From Holden:
Just ask an expert.
For much of his Army career David Irvine preached a kinder, gentler interrogation style: Legal under international military law, effective against the most stubborn enemy, and – above all – moral.
Satisfied that his instruction to would-be interrogators was consistent with Army-wide tactics, the retired brigadier general was crushed, last year, when he learned his nation’s flag had flown over prisons where U.S. troops abused suspected enemy fighters.
And the horror of it all, the Salt Lake City resident says, is that none of it ever needed to happen.
“What has gone on over the past few years is completely off the book,” he said.

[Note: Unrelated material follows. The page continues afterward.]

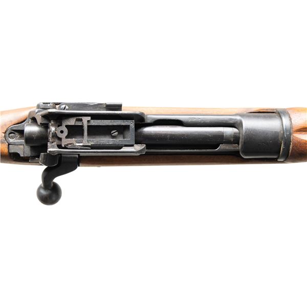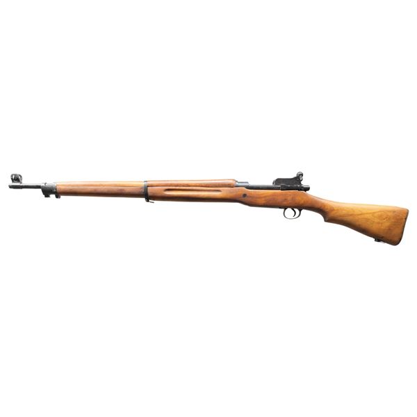 Cal. 303 British. S# 194306. Bbl. 26". Rifle has been assembled by the adapting of the Model 1917 stock. Ladder aperture rear sight graduated to 1,600 yards. Blade front sight marked "W" w/ protective ears. Receiver is marked on right side of ring "ERA". Bolt shroud, safety, bolt stop, rear sight ladder, spring & upper band marked "E". Bolt has been re-serial numbered to match receiver. Sight ladder also carries matching number. Replacement hardwood stock set. Stock is for a US 1917 rifle & has the correct grasping groove placement & does not have the provision for the volley sight. Over-stamped manufacturer's mark at stock tip is not legible. Mag. follower appears to be for the 30-06 cartridge. Stacking swivel & screw are not present. CONDITION: stock has arsenal rework type finish w/ light wear & scattered handling marks. Metal has arsenal rework black parkerization w/ thinning & light wear. Bore is shiny w/ strong lands. (25-2869/RW). CURIO. $400-600.

That book, the Army Field Manual for Intelligence Interrogations, directs soldiers to use its principles and techniques within the constraints of the Hague and Geneva Conventions and the Uniform Code of Military Justice – noting repeatedly that “the use of force, mental torture, threats, insults, or exposure to unpleasant and inhumane treatment of any kind is prohibited by law and is neither authorized nor condoned by the U.S. Government.”
[snip]
Irvine doesn’t buy Bennett’s “anomaly” argument – or the contention the Defense Department is prepared to deal with abuses.
“The Army explanation that these acts are being ginned up by a half dozen low-ranking reserve soldiers just doesn’t ring true,” he said, noting that the photographs of abuses in Abu Ghraib have been followed by descriptions of abuses in other prisons – implicating many dozens of other soldiers and making the purported ignorance of senior officers implausible.
“It is obvious that there has been a complete breakdown of command discipline and a complete departure for the Army’s policy on treating prisoners of war,” he said.
Irvine disregards claims of those who say tougher techniques are necessary to extract information from religious zealots, noting that Israel, which “got very good at torture” in its struggle against its Arabic enemies, has banned the practice. The former chief interrogator for Israel’s General Security Services, Michael Koubi, has said the most important skill for an interrogator is to know the prisoner’s language – something the U.S. military has struggled with.
[snip]
“We’ve lowered the bar ourselves – if X-Y-Z is OK for us to do, it’s OK for the same treatment to be meted out to our people if they’re captured,” he said. “It’s not rocket science; it’s the Golden Rule.”